これは総評に書いたのですが、指定手解答だと全部の解答を書いた後に勘違いがないか確認するのが大変です。
一手だけなんで最初から間違えないように書けば良いだけですが、その1回も何手目なのか慎重に数えなくてはなりません。
問題なのはピントハズレの指定手です。
安田作は5手目の局面では31銀は絶対手です。
手順の流れから狙い手かも知れませんが、解答者の印象に残る手は8手目の32玉か11目の14桂です。
指定手解答は解答者が解いた時に自分だったら指定手はこの手かなってなっていると解答もスラスラ書けます。
スラスラ展は誤無解がないのが理想的でもあるので、主催者はそのような観点で指定手を設定して欲しいと思いました。

ストレスフリー

僕の評価の基準はA=傑作か好作克つ好きな作品。
B=好作。C=水準作です。
世間はA=良い、B=普通、C=悪いですね。
詰パラだと悪い作品を入選させるのはおかしいので悪い評価は不要でしょう。
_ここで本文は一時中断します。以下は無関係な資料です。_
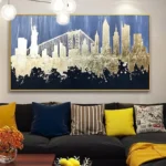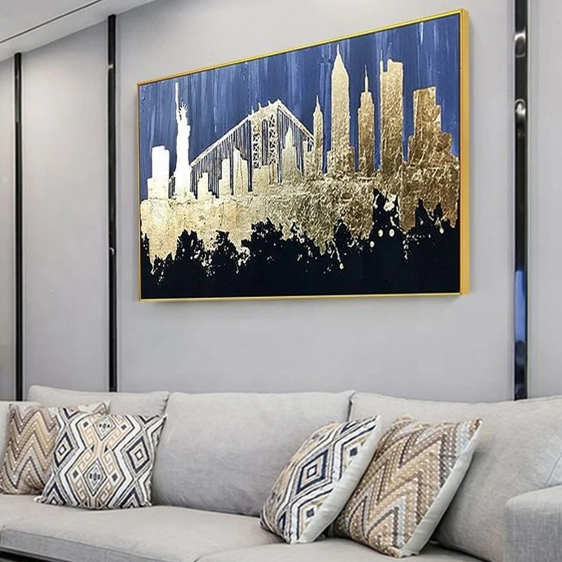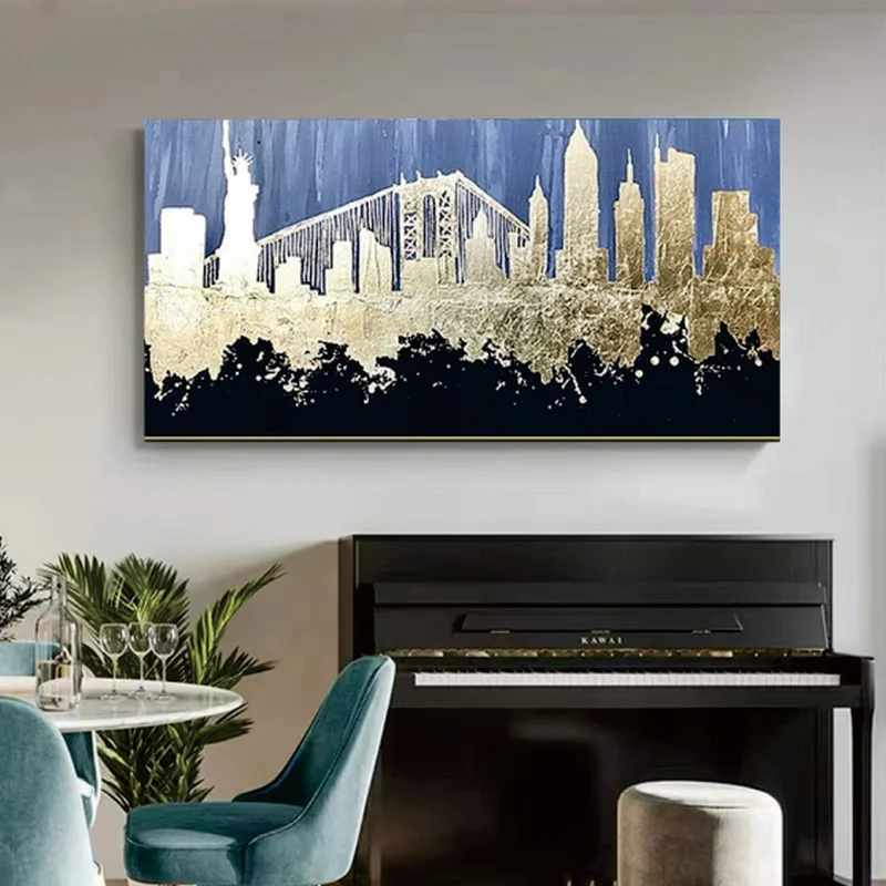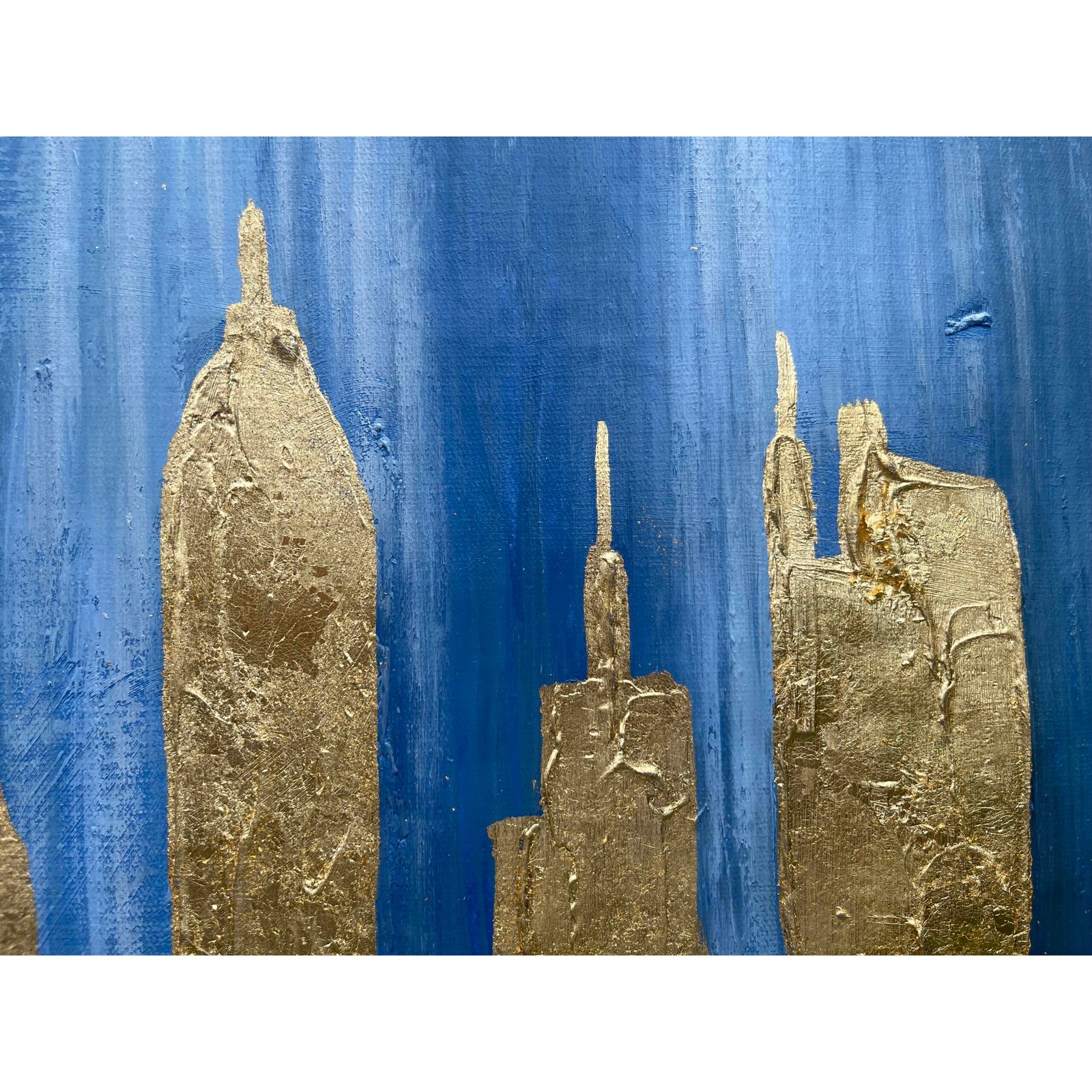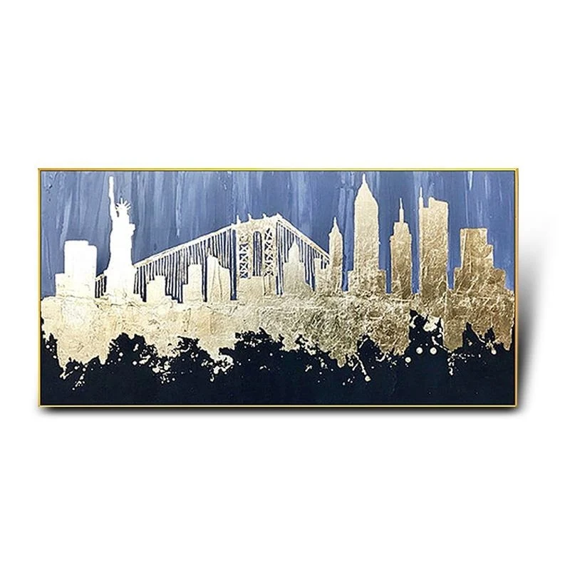 Experience the dazzle of the New York skyline. Bathed in bright gold, iconic landmarks shine with timeless allure. The artist’s strokes capture the city that never sleeps in a radiant style, making this a vibrant celebration of New York’s brilliance.

なんで皆な僕のような評価基準にしないのかいつも不思議に思っています。
それは別の話しとして、ここでの解答は悪いの評価も必要ですが、詰パラ基準で評価して解答しました。
ぬ作の僕の作品の評価はB=好作です。
しかし、Cで解答しました。
スラスラ展の良いところはストレスフリーなところです。
この作品は変化読みに非常にストレスがかかります。
作品は細かいアヤが良く出来た作品だと思います。
良いところがストレスフリーに相反する作品で、反スラスラ展作と思いCにしました。
主催者側はもっと作品の良さが生きる発表先を勧めて欲しいと思いました。
ただ、発表先の選択肢がないと言う大問題がありますが(涙)。

Re: ストレスフリー

三輪さんのご意見はごもっとも。
管理人の考えですが、誰がどういう評価を付けたかということは非公開にしています。
選題については創棋会例会で選考しました。
また折角「すらすら展」に投稿いただいたものを差し戻すのは気が引けるという考え方もあります。

Re: 指定手

指定手解答は全手順記載の手間を省くことと解答審査を簡略化することが目的でした。
ご指摘のような点が他の解答者からもあるようでしたら見直したいと思います。
なお指定手は作者に指定いただいているので、管理人が勝手に変更するわけにはいきません。
その点はご理解下さい。

Re: 指定手

私も指定手は、解答審査の急所の手にした方がよいと思いますし、その意味でも担当者が勝手に決める方が効率的ではないかと考えます。
作者コメントも載っていますし、指定手についてのこだわりは全くありません。

要望があれば

角さんありがとうございます。
作者の指定手のこだわりはある時はあるけどない方が多いと思います。
一応、希望は作者には書いてもらうが担当者が勝手に決める事にして、この手にしてもらいたい時は要望にして、その時は作者の指定手にする事にしておけば問題ないと思います。